Van Houten vindt dat bedrijven beter hun best moeten doen om eerlijk en transparant te zijn. Producenten krijgen straks de ruimte om verbeteringen door te voeren. "Daarna gaan wij steekproeven uitvoeren, en dan zullen we zien hoe het ervoor staat. Als bedrijven niet duidelijker worden en halsstarrig blijven zeggen 'ik ben wel duurzaam', zonder onderbouwing, dan kunnen wij boetes opleggen."
Die boetes kunnen flink oplopen, vertelt de ACM-directeur: "Tot zo'n 900.000 euro, of een bepaald percentage van de omzet. Met dat laatste kun je in de miljoenen uitkomen, afhankelijk van de grootte van een bedrijf."
Greenwashing ondermijnt volgens Van Houten ook eerlijke concurrentie. "Een onderneming die écht investeert in duurzaamheid kan zich op deze manier niet onderscheiden van bedrijven die slechts doen alsof."
'ACM onderzoekt een paar zaken per jaar'
Onderzoeker Koen Boone van Wageningen University & Research (WUR) werkt aan de ontwikkeling van één duurzaamheidskeurmerk. "Zo'n label moet niet alleen voor de consument, maar ook voor de overheid en investeerders duidelijkheid geven over hoe groen een product daadwerkelijk is."
Hij vindt het actieplan van de ACM een goede zaak, maar plaatst ook kanttekeningen. "Het is heel goed dat ze valse duurzaamheidsclaims onder de loep nemen. Maar ze kunnen misschien tien zaken per jaar onderzoeken, terwijl je eigenlijk meer naar een structurele oplossing toe zou willen."
Met zo'n brede oplossing is de Europese Commissie bezig: het zogeheten Green Claims Directive.
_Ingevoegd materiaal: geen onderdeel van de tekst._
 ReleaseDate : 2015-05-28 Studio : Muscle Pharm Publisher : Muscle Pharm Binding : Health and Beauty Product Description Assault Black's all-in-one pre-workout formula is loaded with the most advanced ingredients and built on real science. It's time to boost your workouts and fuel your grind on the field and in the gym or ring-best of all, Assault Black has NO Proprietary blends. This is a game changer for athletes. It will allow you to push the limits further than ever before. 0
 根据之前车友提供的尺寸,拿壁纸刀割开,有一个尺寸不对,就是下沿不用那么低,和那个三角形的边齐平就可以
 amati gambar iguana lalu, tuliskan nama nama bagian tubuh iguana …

Dat is nieuwe regelgeving in de maak, waarbij gekeken wordt naar de effecten over de hele productieketen, niet alleen maar naar een klein stukje.
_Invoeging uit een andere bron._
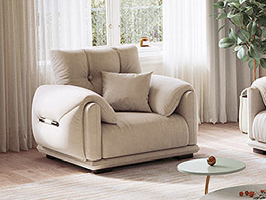非凡工艺 现代简约 绒感猫爪布+框架落叶松木+实木脚 1.15米 单人位 沙发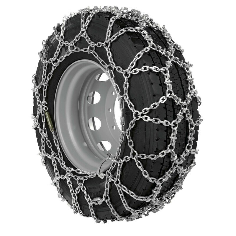 Coppia catene da neve per trattori, macchine operatrici e veicoli speciali. Battistrada a doppio rombo in acciaio speciale zincato con aggiunta di maglie di rinforzo e barrette anti-usura da 1 cm di spessore Maglie con sezione a D da 7, 8 e 10 mm Tensionamento manuale tramite catenino e leva Confezionate in casse plastica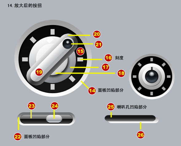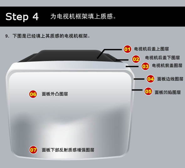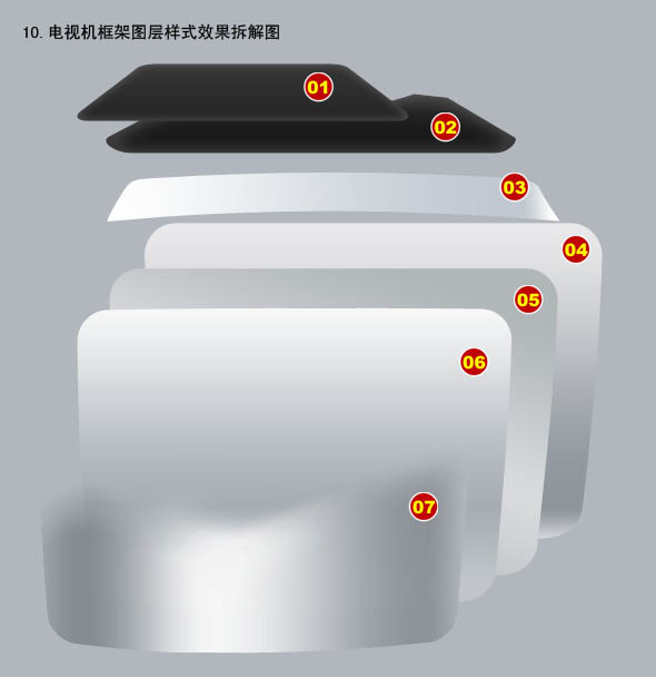 10、电视机框架图层样式效果拆解图,下图分成7个部分,后面详细介绍这7个部分的细节制作。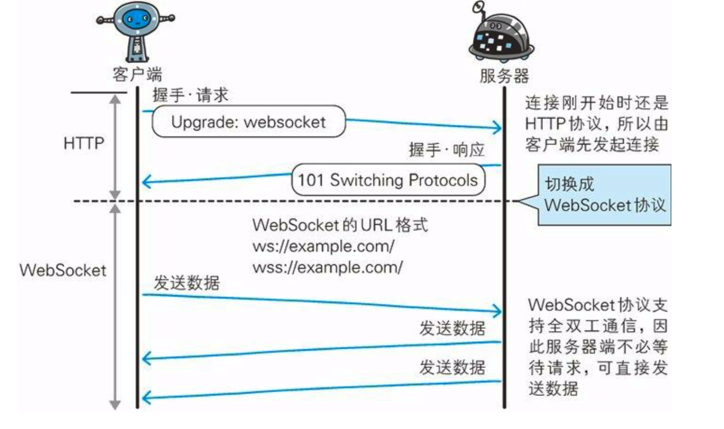 WebSocket是建立在HTTP基础上的协议,因此连接的发起方仍是客户端,而一旦确立WebSocket通信连接,不论服务器还是客户端,任意一方都可直接向对方发送报文。

Boone: "Wordt bijvoorbeeld het ene positieve aspect niet teniet gedaan door een slechtere prestatie elders?" Zelf is hij samen met collega's bezig één duidelijk label te ontwikkelen, vertelt de Coördinator Duurzame Ketens van de WUR.
Simpel en duidelijk label
"Je kunt het vergelijken met het energielabel of met de Nutri-Score", licht Boone toe. "Zodat je als consument - bijvoorbeeld door een score van A tot E - in één blik een indruk krijgt over hoe duurzaam een product is."
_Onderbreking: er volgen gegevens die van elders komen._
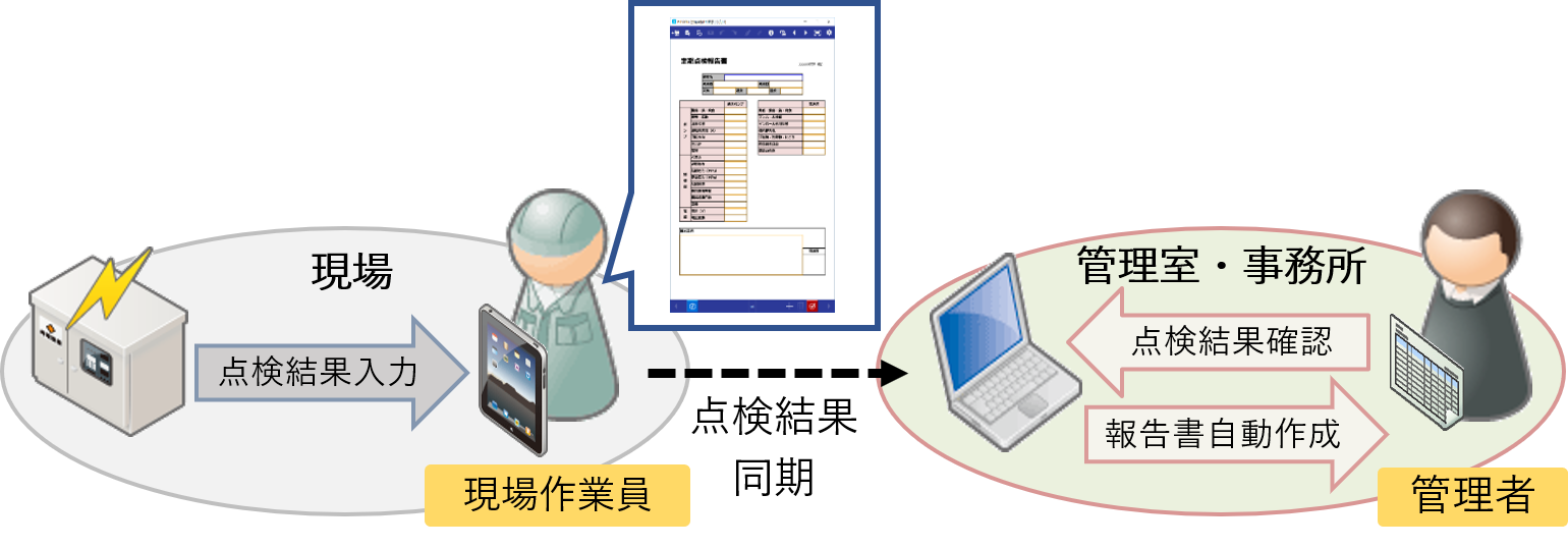→タブレットを用いたリアルタイム報告書作成により、作業時間の大幅な削減が可能に。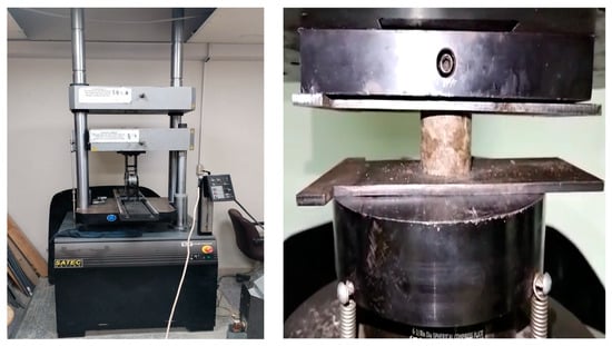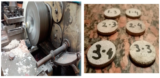 The axial compression test was performed using a DX-600 kN Instron Universal Testing Machine (Instron, Norwood, MA, USA), as shown in Figure 5. Samples were prepared to test the thermal conductivity using a lathe machine to obtain rings with a diameter of 26 mm and thickness of 15 mm, as shown in Figure 6. At room temperature, the water absorption test took place, and the samples were immersed in water for 24 h using tap water, which has fair temperature; their weights were measured before and after immersion, and the absorption was calculated as a percentage of the dry weight of the samples.

"Allerlei aspecten worden meegenomen. Uiteindelijk zal het veel makkelijker worden voor bedrijven om te weten wat wel en niet mag, maar ook voor instanties om te controleren of een claim klopt."
Ook Wakker Dier hoopt op meer duidelijkheid voor de consument. "Het is ontzettend lastig om te beoordelen welke claims wel en welke niet kloppen", vertelt Vestering.
"Feit is dat 90 procent van de melk in de schappen 'sloopmelk' is, zoals wij dat noemen. Melk dus van koeien die op intensieve wijze worden gehouden, met weinig oog voor dierenwelzijn of milieuvoordelen. En dat staat haaks op het idyllische plaatje dat op de verpakking prijkt."
Bestaande labels
Er zijn een aantal keurmerken die nu al betrouwbaar zijn, zoals bijvoorbeeld het EU-Ecolabel, Fairtrade en het Beter Leven-keurmerk. Die laatste is specifiek gericht op dierenwelzijn.
Het is volgens experts een goed teken als de uitleg over duurzaamheid heel duidelijk en concreet is. Wees vooral kritisch bij vage termen zonder toelichting, benadrukken zij.